Thanks in advance for any help!


----------



## bnoble (Sep 2, 2016)

Call. They will give you the Disney reservation number (that you can plug into MDE). Yes, you will be charged the $190 even as an owner. Yes, you can take ME at any time---it doesn't have to be the day of your flight.


----------



## mtm65 (Sep 2, 2016)

bnoble said:


> Call. They will give you the Disney reservation number (that you can plug into MDE). Yes, you will be charged the $190 even as an owner. Yes, you can take ME at any time---it doesn't have to be the day of your flight.

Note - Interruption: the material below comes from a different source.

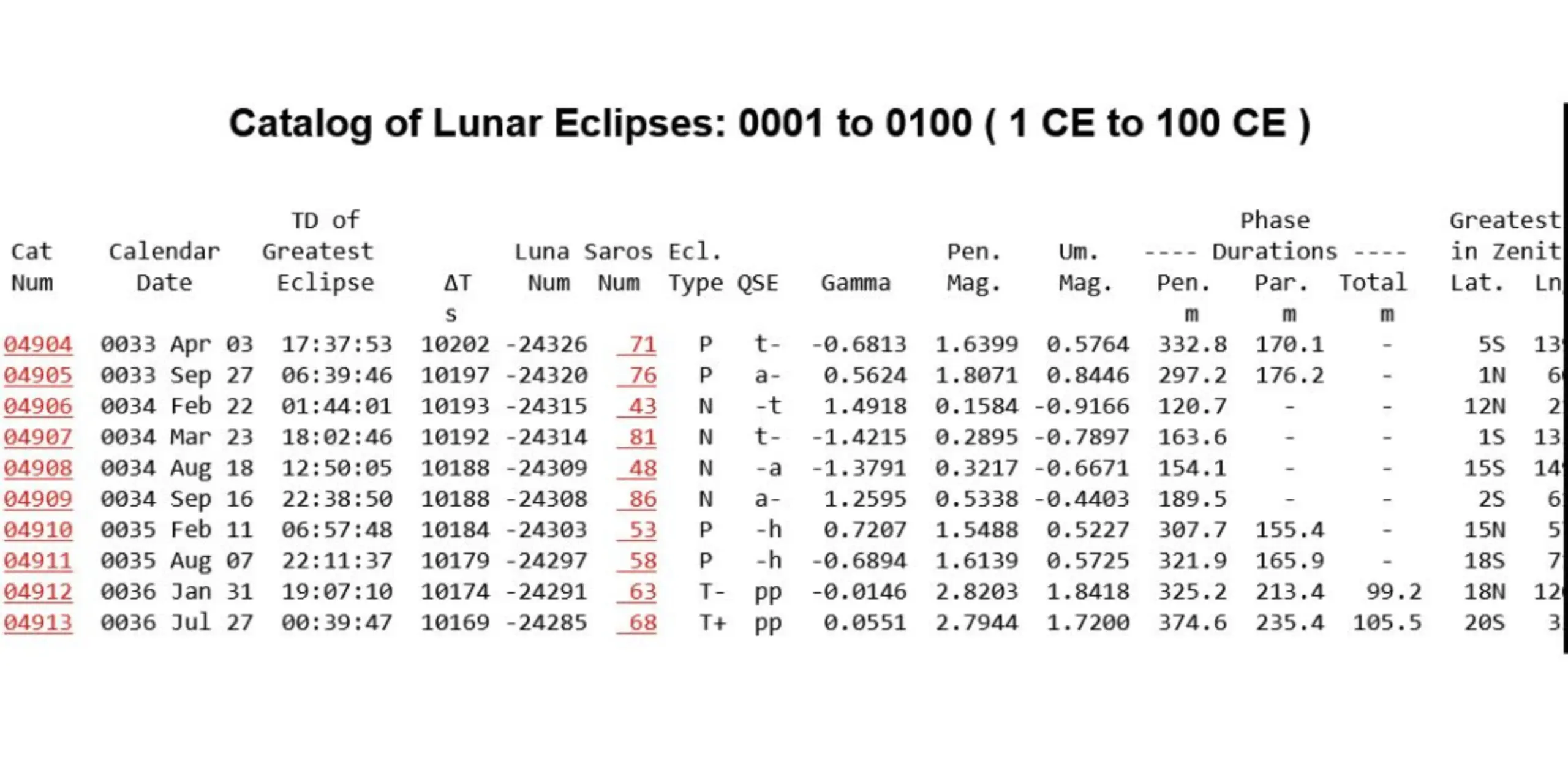 Αστρονομικά μοντέλα δείχνουν ότι η έκλειψη εκείνης της ημέρας ξεκίνησε περίπου στις 3:40 μ.μ. τοπική ώρα και κορυφώθηκε λίγο αργότερα, ενώ θα μπορούσε να γίνει ορατή μετά τη δύση του ηλίου, όταν η Σελήνη ανέτειλε πάνω από την Ιερουσαλήμ με κοκκινωπή απόχρωση.

Thanks for the quick response!


----------



## MIDisfan (Sep 3, 2016)

You may want to check one way rental rates and return the car somewhere at Disney World. Usually one way rates are more expensive but I've been able to get good rates through Enterprise picking up at MCO and dropping off at their location near Downtown Disney. I can't remember off hand the name of the Hotel it is in but they will shuttle you to SSR.

We like having a car while staying at SSR. We still use the buses for the parks, but we like to get out of the Disney bubble a couple of days and hit the outlets, restaurants and other things.


----------



## mtm65 (Sep 3, 2016)

MIDisfan said:


> You may want to check one way rental rates and return the car somewhere at Disney World. Usually one way rates are more expensive but I've been able to get good rates through Enterprise picking up at MCO and dropping off at their location near Downtown Disney. I can't remember off hand the name of the Hotel it is in but they will shuttle you to SSR.
> 
> We like having a car while staying at SSR. We still use the buses for the parks, but we like to get out of the Disney bubble a couple of days and hit the outlets, restaurants and other things.



I'll look into to a one-way rental.  Thanks!


----------



## Weimaraner (Sep 3, 2016)

I've rented a car from Alamo at Buena Vista Palace, across street from Disney Springs. It is another option to do return. It ended up being a 45 minute walk from our room, but was worth it since I had great price and we went to Legoland.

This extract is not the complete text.